**TRY IT**
Repeat the lines from the one containing "Trước khi kết" through the last line of the data, exactly, pictures omitted.

**DATA**

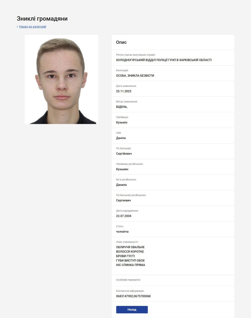 2 грудня у базі МВС України з’явилася картка про розшук Данила Сергійовича Кузьміна, який зник 25 листопада 2025 року у Відні. У розшук його оголосив Холодногірський відділ поліції Харківщини як сина заступника міського голови.
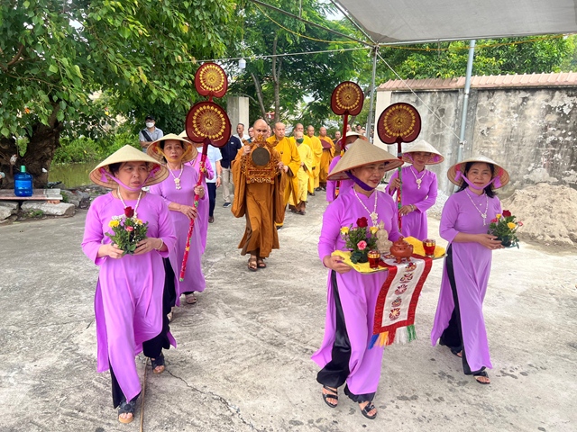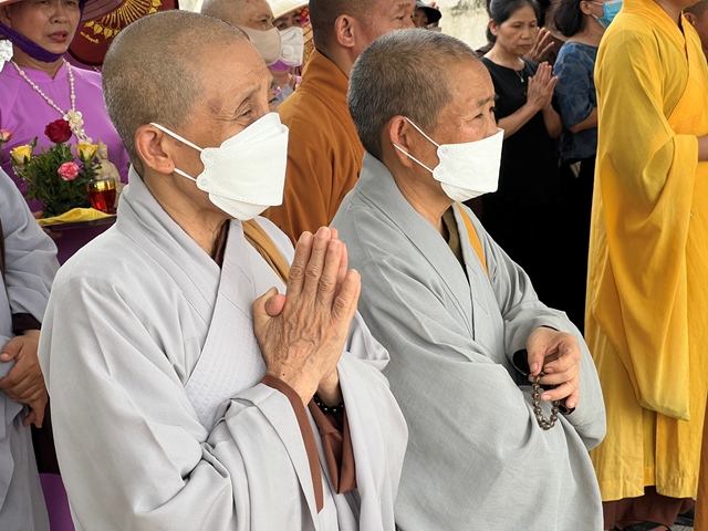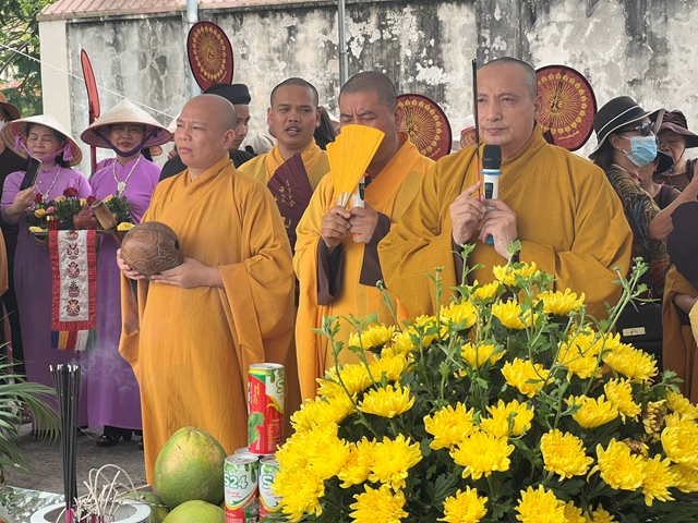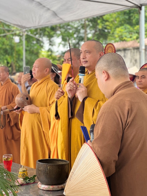 Trước khi kết thúc buổi lễ, Chư tôn đức Tăng Ni, các Phật tử và nhân dân địa phương đã làm lễ dâng hương, bạch Phật, lễ chú nguyện, sái tịnh và rót đồng đúc Đại Hồng Chung trong không khí hoan hỷ, trang nghiêm thành kính nhân kỷ niệm ngày Bồ Tát Quán Thế Âm thành đạo 19/06 âm lịch.
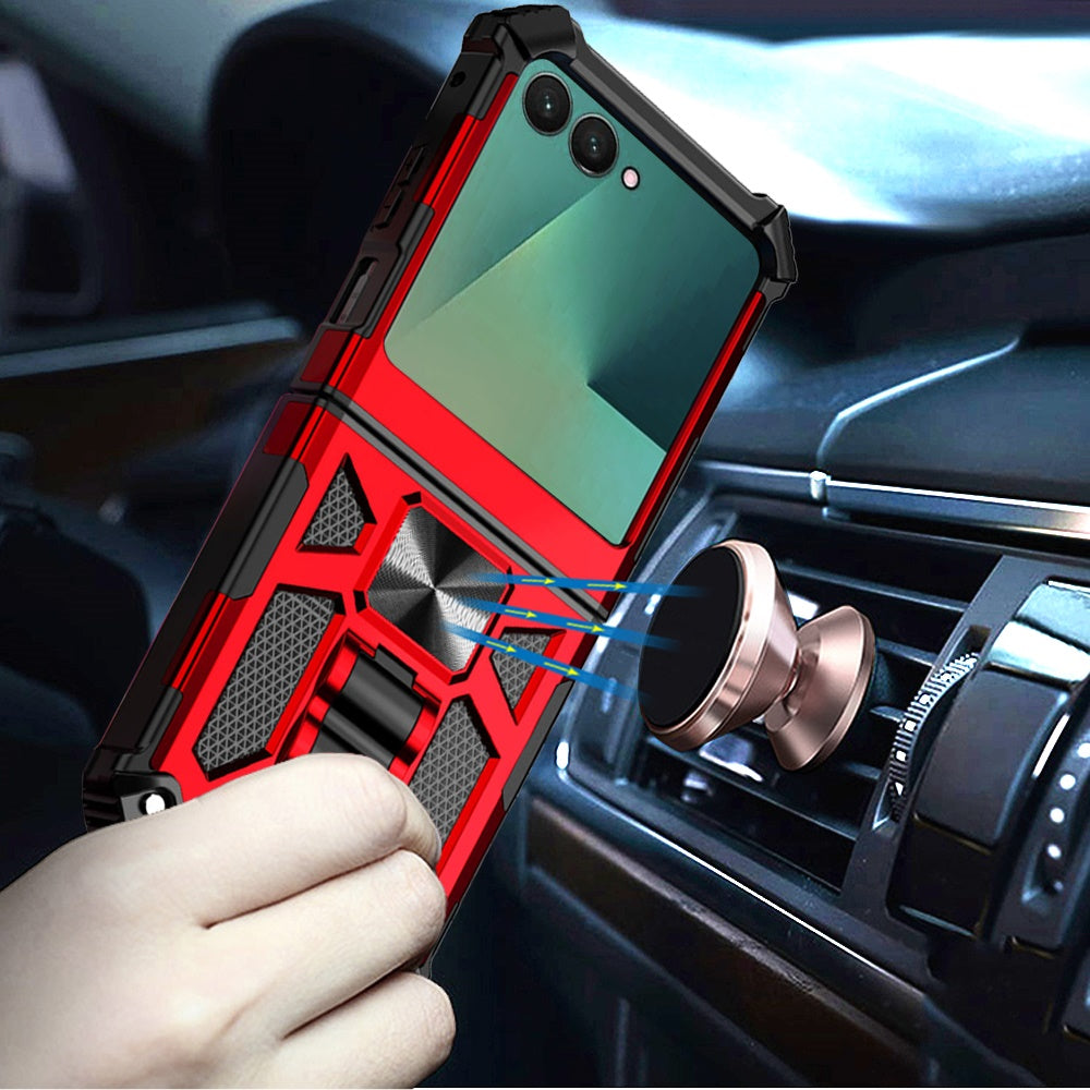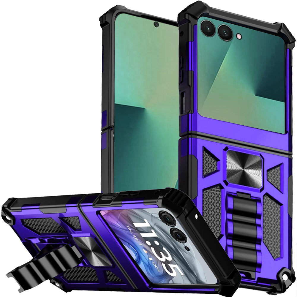 Shockproof Modern Style Case with Pop-out Stand and Metal Plate + Front Screen Tempered Glass Screen Protector

**TASK SOLUTION**
 Trước khi kết thúc buổi lễ, Chư tôn đức Tăng Ni, các Phật tử và nhân dân địa phương đã làm lễ dâng hương, bạch Phật, lễ chú nguyện, sái tịnh và rót đồng đúc Đại Hồng Chung trong không khí hoan hỷ, trang nghiêm thành kính nhân kỷ niệm ngày Bồ Tát Quán Thế Âm thành đạo 19/06 âm lịch.
 Shockproof Modern Style Case with Pop-out Stand and Metal Plate + Front Screen Tempered Glass Screen Protector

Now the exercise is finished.